WORK ORDER: Exclude all pictures from your copy of the data below, which should otherwise match exactly.

DATA:
-----
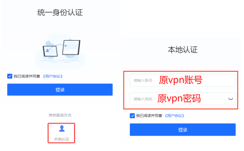 参照上述的下载安装方式完成atrust客户端部署。安装完成后,打开aTrust首页,选择“本地认证”,使用VPN账号和密码进行登录。
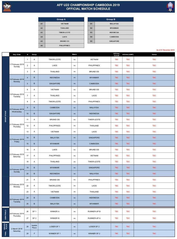 Lịch thi đấu cụ thể của đội tuyển Việt Nam tại AFF U22 2019:
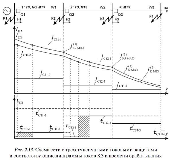 Выдержки времени срабатывания защит должны нарастать по мере приближения к источнику питания: t С31> t C32 > t C33 > t C3H4.
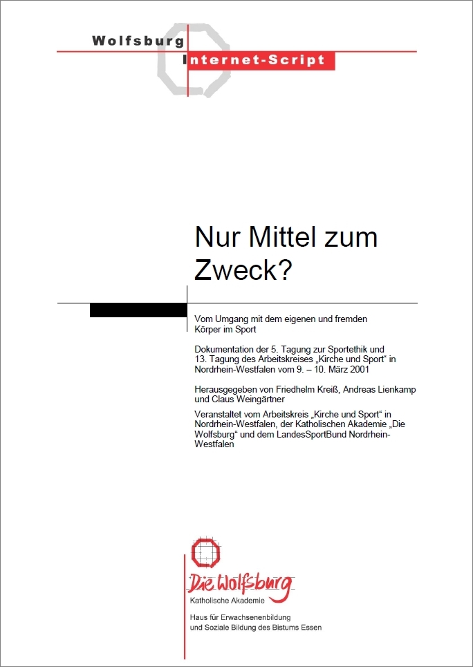 Kreiß, Friedhelm / Lienkamp, Andreas / Weingärtner, Claus (Hrsg.): Nur Mittel zum Zweck? Vom Umgang mit dem eigenen und fremden Körper im Sport. Dokumentation der 5. Tagung zur Sportethik, veranstaltet vom Arbeitskreis "Kirche und Sport" in Nordrhein-Westfalen, dem LandesSportBund Nordrhein-Westfalen und der Katholischen Akademie "Die Wolfsburg" (Wolfsburg-Internet-Script), Mülheim/Ruhr 2002.
-----
ANSWER TO THIS EXERCISE:
 参照上述的下载安装方式完成atrust客户端部署。安装完成后,打开aTrust首页,选择“本地认证”,使用VPN账号和密码进行登录。
 Lịch thi đấu cụ thể của đội tuyển Việt Nam tại AFF U22 2019:
 Выдержки времени срабатывания защит должны нарастать по мере приближения к источнику питания: t С31> t C32 > t C33 > t C3H4.
 Kreiß, Friedhelm / Lienkamp, Andreas / Weingärtner, Claus (Hrsg.): Nur Mittel zum Zweck? Vom Umgang mit dem eigenen und fremden Körper im Sport. Dokumentation der 5. Tagung zur Sportethik, veranstaltet vom Arbeitskreis "Kirche und Sport" in Nordrhein-Westfalen, dem LandesSportBund Nordrhein-Westfalen und der Katholischen Akademie "Die Wolfsburg" (Wolfsburg-Internet-Script), Mülheim/Ruhr 2002.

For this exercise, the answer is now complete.